Wouldn't it be nice to be able to "cut" an expression from one image of a person and "paste" it in another? We can make our grumpy friends smile or make everyone have a funny face. Unfortunately cut and paste is very challenging in images. Your mouth looks different even if you slightly rotate your head. Your eyes change and the entire face widens when you have a wide smile. In our project we create a 3D model of the face and decompose the identity, expression and 3D pose using our method, which we call Expression Flow. The main guy behind this work is Fei Yang, and it is a collaboration with Jue Wang, Eli Shechtman and Dimitris Metaxas. We have a SIGGRAPH 2011 paper.
Recognizing People in Photo Albums
To organize your photo album, one useful feature is to name the people in your photos. A simple way to do this, which we introduced in Adobe Elements 4 (see below) is to extract the faces and let the user label them manually. That, however, is time consuming. In 2007 I started developing a system that uses face detection combined with face recognition, leveraging context, such as the fact that the same people on the same day tend to wear the same clothes. This was a research project for my class at U.C. Berkeley which formed the basis of the People Recognition feature in Photoshop Elements 8. Alex Parenteau and I developed the core engine, using an external face recognizer and we collaborated with the Elements engineering team. The big challenge was scalability - how do we extend the technology to very large albums with limited memory.
I find the topic of image understanding, and object detection in particular, very exciting. The ability to understand the semantic content of a photograph is quite valuable and highly relevant to Adobe's business. Over the last several years I have focused my research on face detection. Since Computer Vision was a new area for me, I started by reading papers and textbooks. My first experiment was a human ear detector using a neural network on the Haar wavelets of an image. It worked fairly well, but evaluating the neural network at every location and scale was too slow. I then spent some time thinking about evaluating the neural network incrementally, simultaneously at every place, and focusing the computations on the most promising areas. Although the total detection time deteriorated, this approach resulted in discovering most ears almost instantaneously and allowed for a nice tradeoff between detection rate and speed. I then generalized my idea to incrementally evaluate any learning machine (which I called the Soft Cascade).
A colleague of mine, Jonathan Brandt, was investigating the state-of-the-art Viola-Jones face detector, which had very good performance and accuracy.
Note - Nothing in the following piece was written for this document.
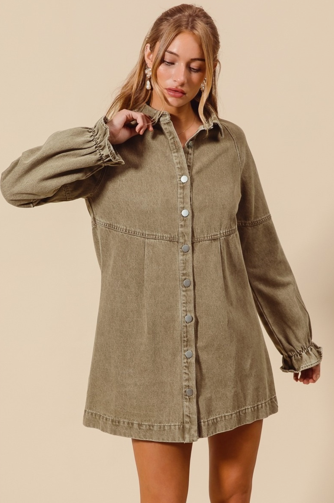Effortlessly cool and casually chic, this mini dress features a full front button closure and a relaxed shirt-style silhouette. With playful mini length and handy chest pockets, it’s the perfect go-to for easy, everyday style.

I decided to apply the Soft Cascade on the VJ detector, and, to my delight, the resulting system was both faster and more accurate. It also has numerous advantages - it considers some information that the "hard cascade" throws away. The detector is less "brittle" and generalizes better, the speed/accuracy tradeoff is not hard-coded during training, but could be specified afterwards, and the new framework allows for augmenting the operational domain of an existing detector. For example, we could improve an existing detector to handle, say, wider out-of-plane rotation. My colleague observed that the ability of the Soft Cascade to be quickly calibrated for a specific point in the speed/accuracy space allows us to explore the operational domain of the detector not just along the detection rate and false positive rate, but also along the speed dimension. As far as I know, our CVPR paper was the first to describe the ROC surface of an object detector. The image on the left shows some difficult examples that my detector can handle. It still has trouble with profile faces and large head tilts, so... stay tuned!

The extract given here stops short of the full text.